1. Patients refusing to eat are not an emergency. That is not to say that they do not need treatment or transfer to a hospital, but it does make a difference with the on scene dynamics. The full continuum of force will be used starting at asking the patient nicely in this instance and moving to more forceful interactions as needed. The presence of a psychiatric illness does not mean that a patient is still not a person. There is no rush and there is no reason to skip to the end and use restraints. We do not mind using restraints when needed. We do mind using restraints when not needed though.

2. If a patient is "violent" then we need to be told that when we get report. A random CNA telling us after we've approached the patient is not the proper way to go.

2.A. That apprehensive look that the ambulance crew has is because of the other patient that is really large and yelling. Not the docile patient you want us to transport.

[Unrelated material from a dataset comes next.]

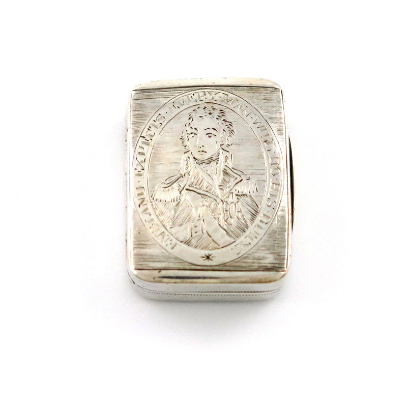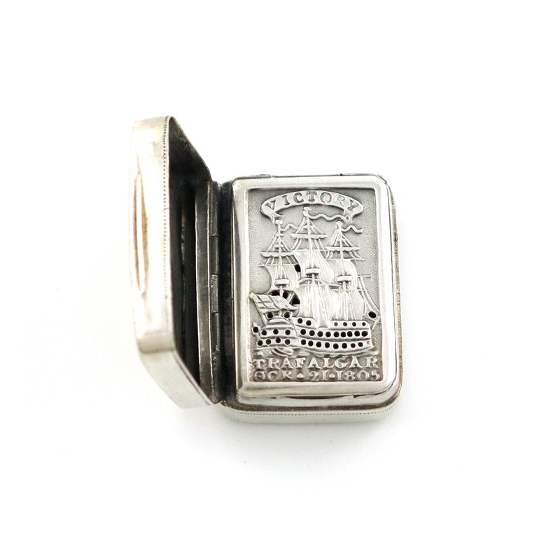 rectangular form, the hinged cover engraved with a portrait of Lord Nelson and engraved 'England Expects Everyman Will Do His Duty', the interior with a hinged grille embossed and pierced with H.M.S Victory and 'Victory Trafalgar OCR 21 1805', length 2.9cm, approx. weight 0.5oz.
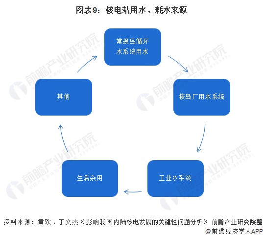 其次,在于內陸核電廠的用水問題。核電站的用水、耗水主要涉及到常規島循環水系統用水、耗水,核島廠用水系統、工業水系統等等。一方面,核電廠的堆芯需得到充足的冷卻,才不會出現嚴重運行問題,沿海核電廠因靠近大海,可以充分利用海水進行冷卻;但內陸核電廠只有少數的河流、湖泊具備相同冷卻條件;

3. If you are a CNA that just advised a crew that their patient is "violent," the proper action is not to immediately walk away. Little details like that need to have more communicated.

4. If you are the CNA in 3 and return to see the patient still not on the gurney, the proper response is NOT to man handle the patient onto the gurney without even saying another word to the ambulance crew. Patient take downs should be coordinated.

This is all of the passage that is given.